A well-known fact is that it is feasible to control and manipulate the quantum properties of individual atoms using laser light.

Scientists from Vienna, Kahan Dare (left) and Manuel Reisenbauer (right) working on the experiment that cooled a levitated nanoparticle to its motional quantum ground state. Image Credit: © Lorenzo Magrini, Yuriy Coroli/University of Vienna.

It would be possible to push even huge clouds of hundreds of millions of atoms into the quantum regime, which leads to the emergence of macroscopic quantum states of matter such as Bose-Einstein condensates or quantum gases. At present, these states are also extensively used in quantum technologies. A fascinating next step would be to extend such a level of quantum control to solid-state objects.
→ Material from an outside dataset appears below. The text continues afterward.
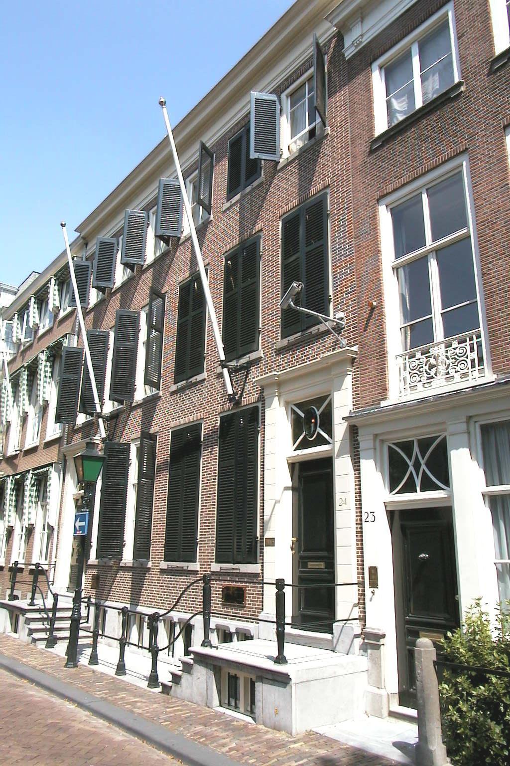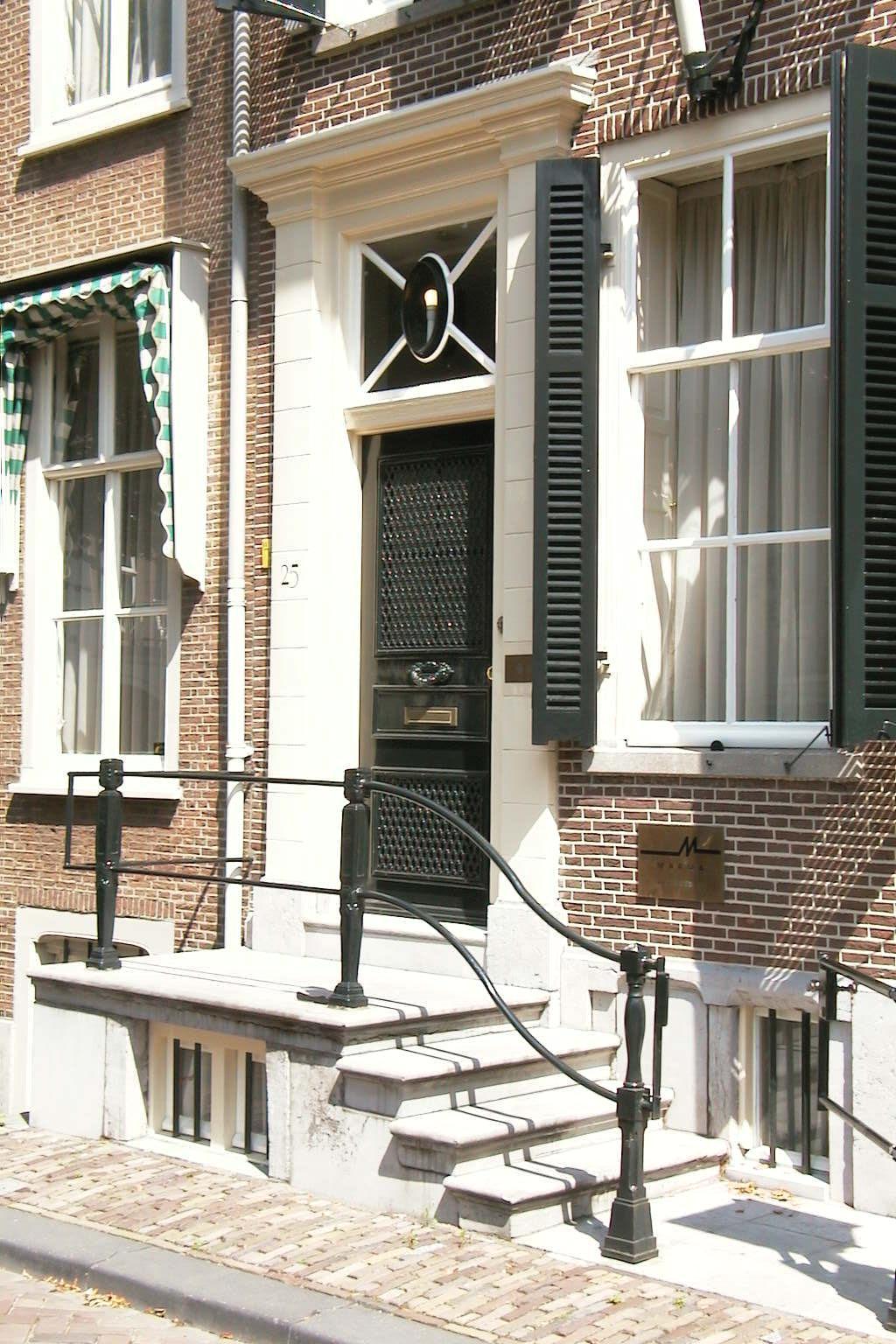 Pand met gevel van omstreeks 1750 met stoep en versierde deurpartij.

When compared to atomic clouds, a solid’s density is a billion times higher, and all atoms are restrained to collectively move along the center of mass of the object. Thus, new macroscopic quantum states that include huge masses should be feasible.
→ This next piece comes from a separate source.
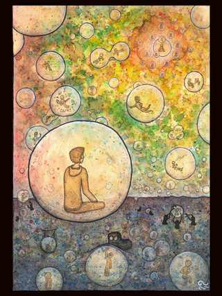 brief description: This artwork is about losing track of reality because life has turned into a daily routine.

But it is not so easy to enter this new regime. The first stage in realizing such a level of quantum control is to separate the to-be-investigated object from the effects of the environment and to eliminate all thermal energy. Thermal energy removal is achieved by cooling it to temperatures very close to absolute zero (−273.15 °C) so that the motion of the particle is dominated by quantum mechanics.

The researchers demonstrated this by opting to experiment with a glass bead with a size nearly thousand times smaller compared to a typical grain of sand and including a few hundred million atoms. The particle was isolated from the environment by optically capturing it in a securely focused laser beam under high vacuum.

This trick that was originally proposed by Arthur Ashkin, a Nobel laureate, several decades ago, and is also employed for isolating atoms.

The real challenge is for us to cool the particle motion into its quantum ground state. Laser cooling via atomic transitions is well established and a natural choice for atoms, but it does not work for solids.

Uros Delic, Study Lead Author, University of Vienna

Therefore, the researchers have been striving to implement a laser-cooling technique that was suggested by Austrian physicist Helmut Ritsch at the University of Innsbruck and, autonomously, by Vladan Vuletic, study co-author, and Nobel laureate Steven Chu.

Recently, they had reported a first-ever demonstration of the working concept, “cavity cooling by coherent scattering.” But they were still restricted to working very far from the quantum regime.

We have upgraded our experiment and are now able not only to remove more background gas but also to send in more photons for cooling,” says Delic. In this fashion, it would be possible to cool the glass bead’s motion straight into the quantum regime.

It is funny to think about this: the surface of our glass bead is extremely hot, around 300 °C, because the laser heats up the electrons in the material. But the motion of the center of mass of the particle is ultra-cold, around 0.00001 °C away from absolute zero, and we can show that the hot particle moves in a quantum way.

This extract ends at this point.